▼▼▼

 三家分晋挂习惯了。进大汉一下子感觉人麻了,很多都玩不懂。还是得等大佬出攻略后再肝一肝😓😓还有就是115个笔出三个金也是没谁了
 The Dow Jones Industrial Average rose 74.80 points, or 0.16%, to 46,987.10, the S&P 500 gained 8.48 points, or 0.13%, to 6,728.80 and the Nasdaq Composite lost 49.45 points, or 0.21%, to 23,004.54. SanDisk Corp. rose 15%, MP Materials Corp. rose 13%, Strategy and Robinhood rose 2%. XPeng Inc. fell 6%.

▲▲▲
▼▼▼

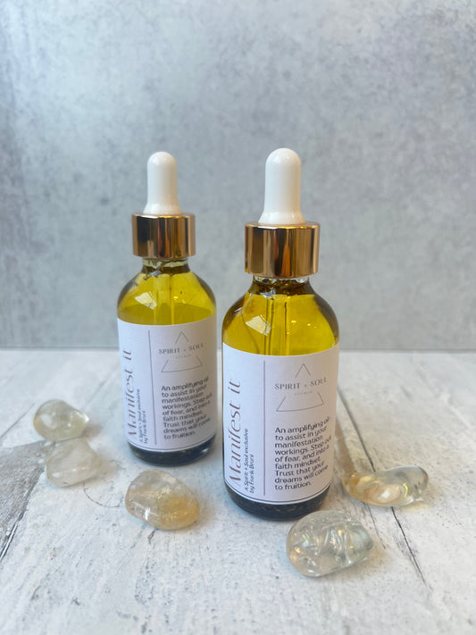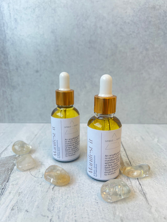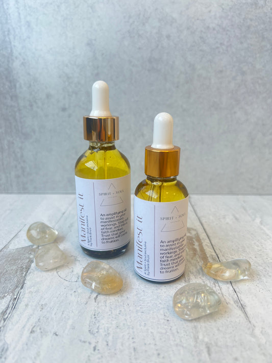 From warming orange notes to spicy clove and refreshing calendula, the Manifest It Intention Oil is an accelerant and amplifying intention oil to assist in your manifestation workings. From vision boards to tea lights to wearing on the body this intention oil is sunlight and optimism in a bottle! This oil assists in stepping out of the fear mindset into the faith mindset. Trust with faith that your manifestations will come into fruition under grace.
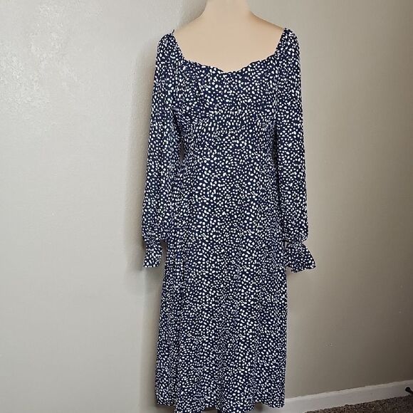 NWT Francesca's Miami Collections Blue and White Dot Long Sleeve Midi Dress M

▲▲▲

# What is required:
Above are the records. Copy only the lines from the one with "From warming orange notes" through the one with "NWT Francesca's Miami", exactly, with no pictures.

# Task answer:
 From warming orange notes to spicy clove and refreshing calendula, the Manifest It Intention Oil is an accelerant and amplifying intention oil to assist in your manifestation workings. From vision boards to tea lights to wearing on the body this intention oil is sunlight and optimism in a bottle! This oil assists in stepping out of the fear mindset into the faith mindset. Trust with faith that your manifestations will come into fruition under grace.
 NWT Francesca's Miami Collections Blue and White Dot Long Sleeve Midi Dress M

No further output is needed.